海軍大将伊藤整一君は明治二十三年七月二十六日福岡県三池郡高田村に生まる。幼子にして俊秀の聞え高く、長じて開小学校・中学伝習館・海軍兵学校・海軍大学校に学び、常に抜群の成績を以て業を卒えたり。而して君が全生涯を捧げたる海軍における業績は、海上に陸上に又軍令に軍政に燦として輝くものありしが、君の真価はその優れたる才幹に加おるに誠実謙虚、一点の私心なく、真に玲瓏(透きとおり曇りのないさま)玉の如きその大人格にありたるなり。

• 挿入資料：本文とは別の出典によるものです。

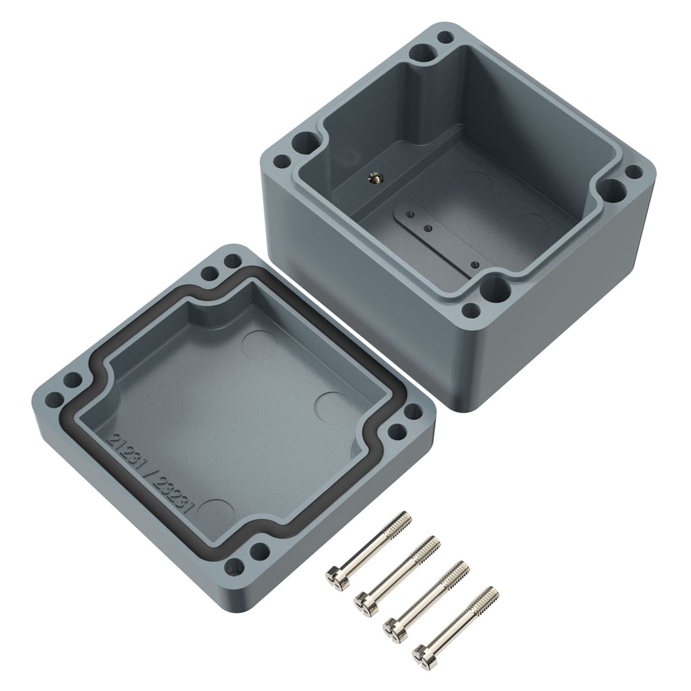 This is Polyester Standard Series Silver Glass Reinforced Polyester Enclosure IP66 Grey Lid 80 x 75 x 56.5mm manufactured by Rose. The manufacturer part number is 020808060. The typical product's weight is 230g. The product polyester standard, is a highly preferred choice for users. The product's body is nicely designed from glass reinforced polyester materials.
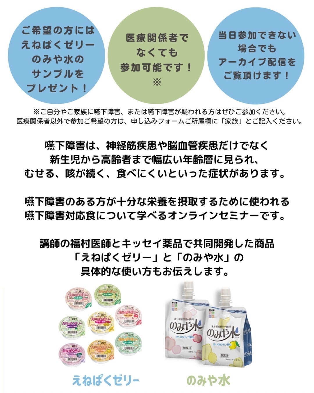 今回は福村先生とキッセイ薬品工業株式会社で 共同開発した商品「えねぱくゼリー」と「のみや水」の具体的な使い方もお伝えします。
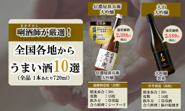 そんな理念に共感した全国「10酒蔵」の蔵元から、珠玉の大吟醸がラインナップされている。
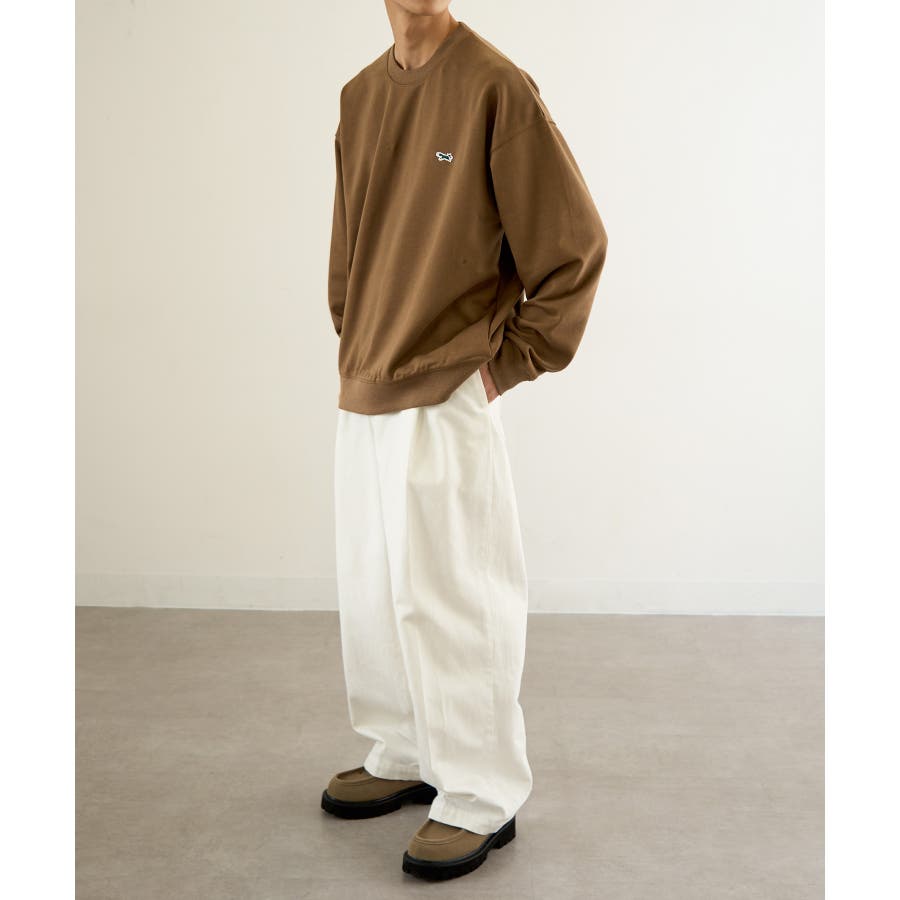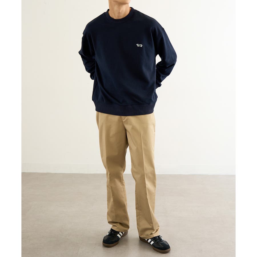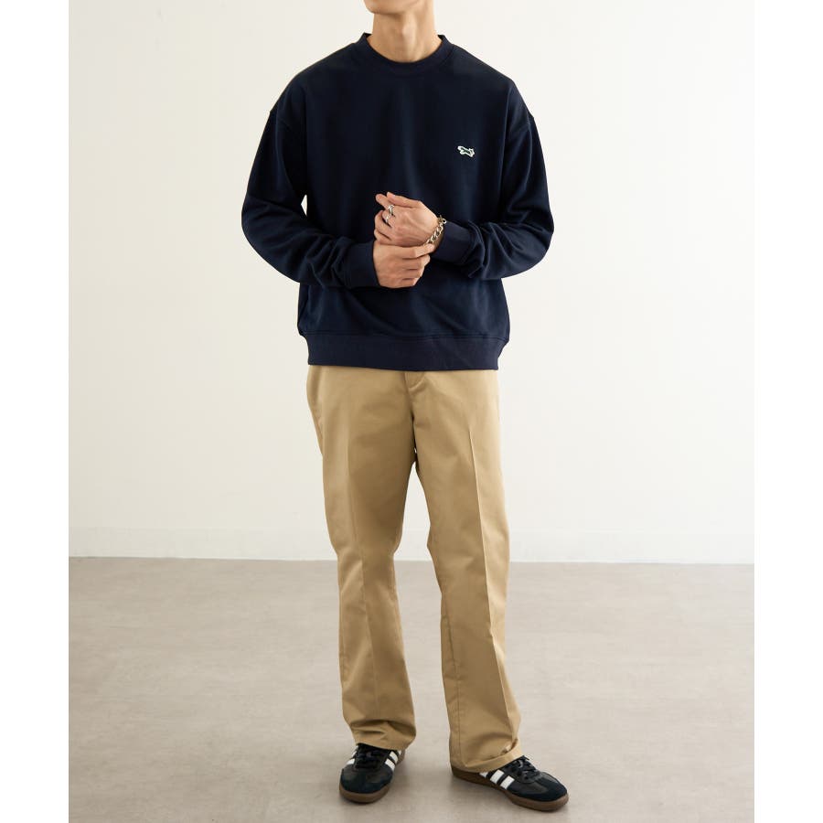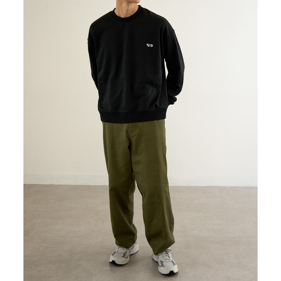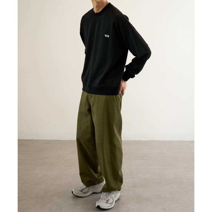 リラックス感のあるシルエットながら、フロントのワンポイントデザインがスタイルを引き締めてくれます。
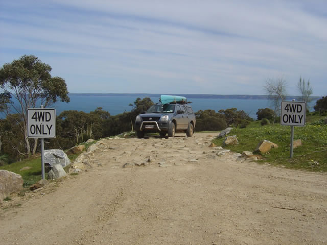 Deep Creek to Adelaide, South AustraliaThere are two main 4WD tracks in Deep Creek Conservation Park: one winds through stringybark forest and drops steeply down to Boat Harbour Beach and this one that has a VERY steep rocky descent down to Blowhole Beach. Previous | Album | Next |
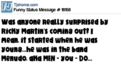 X is was anyone really surprised by Ricky Martin's coming out? I mean, it started when he was young...he was in the band Menudo, aka MEN - you - DO...
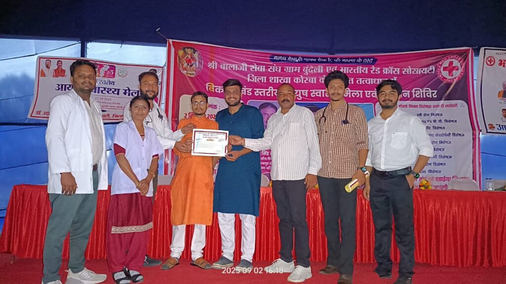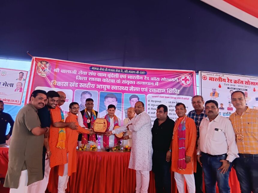 कोरबा। छत्तीसगढ़ शासन के आयुष विभाग के दिशा-निर्देश और जिला प्रशासन के सहयोग से श्री बालाजी सेवा संघ एवं भारतीय रेड क्रॉस सोसायटी के संयुक्त तत्वावधान में ग्राम बुंदेली में विकासखंड स्तरीय आयुष स्वास्थ्य मेला और रक्तदान शिविर का भव्य आयोजन किया गया।

大東亜戦争勃発当時、偶々君は軍令部次長の重職にあり、緒戦における我が海軍の赫々たる大戦果に就ては、大本営幕僚として君の偉功を永久に伝えざるべからず。不幸にして彼我国カの懸隔は、爾後の戦勢を日に非ならしむるに至り、その間、君の堅忍苦衷、また察するに余りあり、後、第二艦隊司令長官に親補せられ麾下を率いて出撃、壮図、将に成らんとするに先だち昭和二十年四月七日、九州南方海上に於て無限の恨を呑んで戦艦大和と其の運命を共にせり噫(ああ)。高潔悲壮なる君の胸中に思いを致す時、感慨無量、真(まこと)に悼(いた)ましき限りなりき。戦死の報 上聞に達するや、海軍大将に進められ、従三位に叙し功一級金鵄勲章並二勲一等馗日大綬章を授けらる。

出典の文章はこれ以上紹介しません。